Perricone, who was born and raised in Ridgewood, said he always held a high view of small business owners, understanding that they have a lot on their plate when it comes to operating their businesses on a daily basis. It’s something that he experienced at the age of 16 during his first part-time job working at a deli seeing firsthand how difficult it was for a business owner to be successful in the amount of hours they put in, he said. 

He also realized how important it was for a community to have prosperous small businesses.

“I believe small businesses are the backbone of our local economy and we should be doing whatever we can to provide resources for them to be successful,” Perricone said. “I feel like we will all be better when small businesses do better, and that’s one of the main reasons why I wanted to get more involved with advocating for small businesses.” 

Perricone’s background in civic engagement and public service began at a young age. He recalled his parents taking him to a community board and civic meetings to advocate for a new state-of-the-art rink for his local hockey league. 

“That really opened my eyes to civic involvement and community engagement,” Perricone said. 

Perricone has served as president of the 104th Precinct Community Council, and he was a member of the now defunct Citizens for a Better Ridgewood. He is also a member of the Order of the Sons of Italy, an organization that preserves and promotes the culture of Italian Americans. 

Perricone’s extensive experience in city government, specifically in the area of economic development, gave him the opportunity to work with community partners, private and nonprofit organizations to improve economic development in Queens’ neighborhoods. 

While attending college, Perricone volunteered for his local civic organization and became a constituent liaison for then-Assemblywoman Cathy Nolan gaining professional experience in government. In his last semester at Queens College for his master’s in urban studies, Perricone was offered a job with the Queens Borough President’s Office, where he took on responsibilities across departments during his eight-year tenure.

Perricone served as a community board liaison gaining a perspective on different neighborhoods and communities within Queens. In his role as a special assistant for economic development, Perricone coordinated with city agencies and small businesses making sure they received the necessary resources. During the COVID-19 pandemic, Perricone coordinated the Queens Small Business Grant program that provided over 750 businesses with grants of up to $20,000 to help with payroll, among other things.
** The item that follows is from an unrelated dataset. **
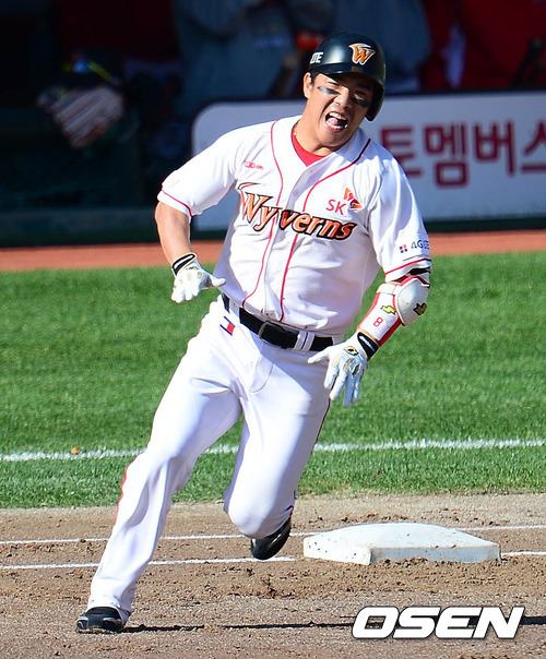 28일 오후 인천 문학구장에서 열린 '2012 팔도 프로야구' SK 와이번스와 삼성 라이온즈의 한국시리즈 3차전 경기 1회말 선두타자 정근우가 좌중간 2루타를 치고 달리고 있다.

He was also a veterans’ liaison. 

According to Perricone, his time at the Queens Borough President’s Office helped prepare him for his role at the Woodhaven BID. 

“There’s so many things to love about Woodhaven, such as the fact that it’s a small, close-knit neighborhood with longstanding family-owned businesses adding to the culture and feel of Jamaica Avenue,” Perricone said. “I think it really bodes well for what we are trying to do for the BID. We have really great relationships with our civics and community groups, and even if it may not be Woodhaven, it seems like people who live in the community and the surrounding communities have a vested interest in what’s going on at Jamaica Avenue and Woodhaven as a whole.”

Before he joined the Woodhaven BID, Perricone said the organization was instrumental in putting together a commercial district assessment outlining business owners’ needs and what they would like to see more of. 

A major concern for business owners is public safety, Perricone said. 

“Addressing our public safety concerns is definitely something that we are going to be doing immediately,” Perricone said. “We want to work closely with law enforcement and the precinct to strengthen our relationship in that regard and provide business owners and patrons with a sense of security while shopping.” 

Perricone says he is also looking to utilize the BID’s office space, located at 88-07 Jamaica Ave., for future events in the pipeline.